Data records:
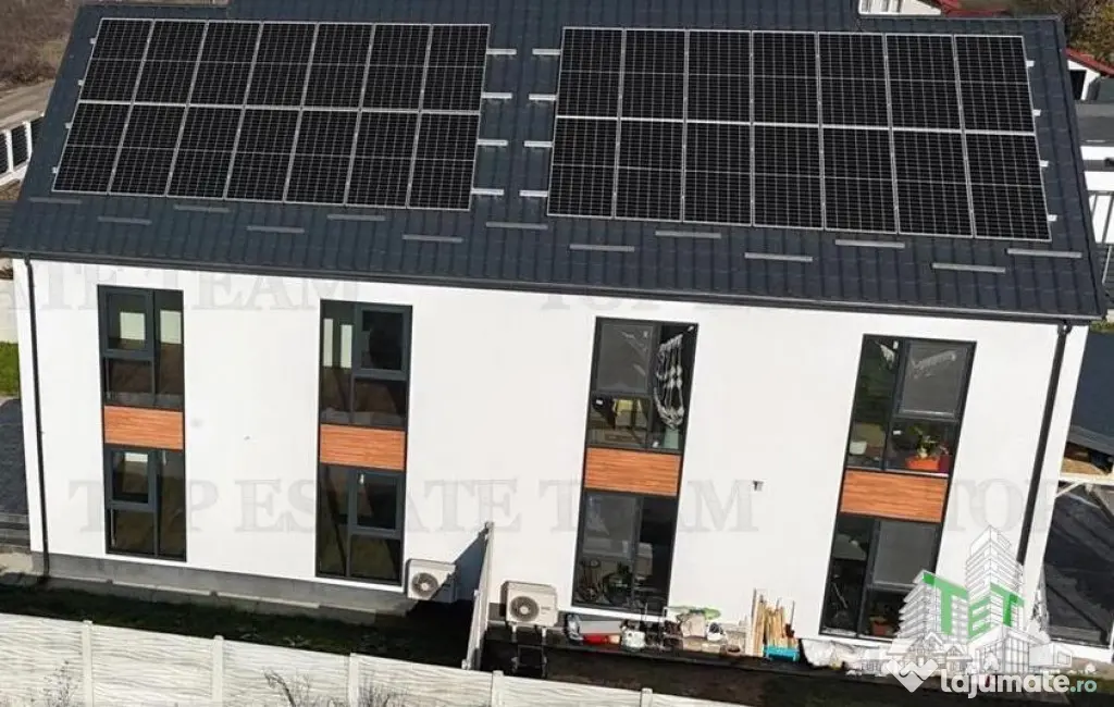 Utilitati si dotari: apa retea publica, canalizare, curent trifazic 380V, gaze la poarta, sistem de alarma, panouri fotovoltaice, boiler apa, pompa de caldura HITACHI cu invertor (face si rece pe timp de vara)
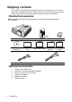Table of contents Introduction.................. 3 Projector features........................... 3 Shipping contents .......................... 4 Projector exterior view ................... 5 Controls and functions ................... 6 Positioning your projector ....................... 9 Hiding the image.......................... 40 Operating in a high altitude environment ................................. 40 Adjusting the sound ..................... 41 Personalizing the projector menu display...........
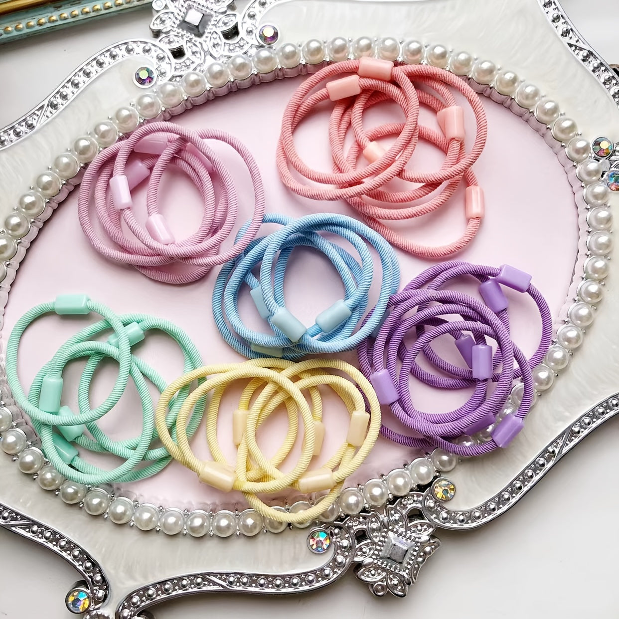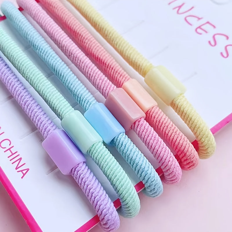 Create fun hair accessories with this set of 50 high elastic macaron candy threaded hair ties. Perfect for DIY projects or making unique hair accessories for children.
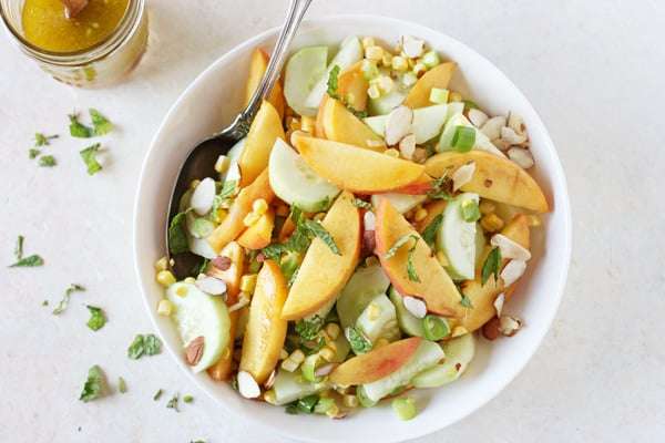 - In a large bowl, add the cucumber, peaches, corn kernels, green onion, mint and almonds. Toss to combine.
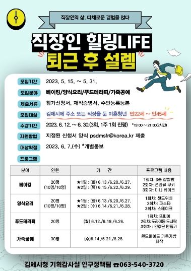 [제주교통복지신문 김강석 기자] 김제시는 지역 내 미혼 청년들이 자유롭게 소통하고 교류할 수 있는 취미클래스 직장인 힐링LIFE-퇴근 후 설렘 프로그램 운영을 6월 12일부터 6월 29일까지 3주간의 일정으로 본격 시행한다고 밝혔다.
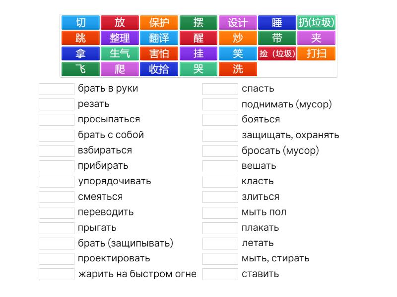 收拾 - прибирать, 整理 - упорядочивать, 洗 - мыть, стирать, 扔(垃圾) - бросать (мусор), 设计 - проектировать, 翻译 - переводить, 保护 - защищать, охранять, 睡 - спасть, 醒 - просыпаться, 打扫 - мыть пол, 切 - резать, 炒 - жарить на быстром огне, 夹 - брать (защипывать), 放 - класть, 挂 - вешать, 摆 - ставить, 笑 - смеяться, 哭 - плакать, 生气 - злиться, 害怕 - бояться, 飞 - летать, 爬 - взбираться, 跳 - прыгать, 拿 - брать в руки, 带 - брать с собой, 捡(垃圾) - поднимать (мусор),
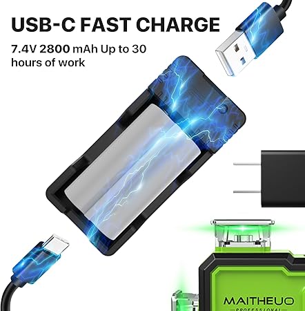 Safety level-Class II Laser & Bright Laser Level (<1mW Power Output): The MAITHEUO laser level emits a bright, clear green laser beam that is visible up to 100 feet away. Can adjust the three brightness modes of the laser through the M key. In the brightest mode, the brightness of the laser line increases and flickers fast, which is suitable for use in bright environments. The working range of the laser with normal brightness can reach 30m/100FT.

Activity: Retype only the lines above from the one with "Table of contents" through the one with "收拾 - прибирать, 整理", exactly and with both ends. Images stay out.

Written solution:
Table of contents Introduction.................. 3 Projector features........................... 3 Shipping contents .......................... 4 Projector exterior view ................... 5 Controls and functions ................... 6 Positioning your projector ....................... 9 Hiding the image.......................... 40 Operating in a high altitude environment ................................. 40 Adjusting the sound ..................... 41 Personalizing the projector menu display...........
 Create fun hair accessories with this set of 50 high elastic macaron candy threaded hair ties. Perfect for DIY projects or making unique hair accessories for children.
 - In a large bowl, add the cucumber, peaches, corn kernels, green onion, mint and almonds. Toss to combine.
 [제주교통복지신문 김강석 기자] 김제시는 지역 내 미혼 청년들이 자유롭게 소통하고 교류할 수 있는 취미클래스 직장인 힐링LIFE-퇴근 후 설렘 프로그램 운영을 6월 12일부터 6월 29일까지 3주간의 일정으로 본격 시행한다고 밝혔다.
 收拾 - прибирать, 整理 - упорядочивать, 洗 - мыть, стирать, 扔(垃圾) - бросать (мусор), 设计 - проектировать, 翻译 - переводить, 保护 - защищать, охранять, 睡 - спасть, 醒 - просыпаться, 打扫 - мыть пол, 切 - резать, 炒 - жарить на быстром огне, 夹 - брать (защипывать), 放 - класть, 挂 - вешать, 摆 - ставить, 笑 - смеяться, 哭 - плакать, 生气 - злиться, 害怕 - бояться, 飞 - летать, 爬 - взбираться, 跳 - прыгать, 拿 - брать в руки, 带 - брать с собой, 捡(垃圾) - поднимать (мусор),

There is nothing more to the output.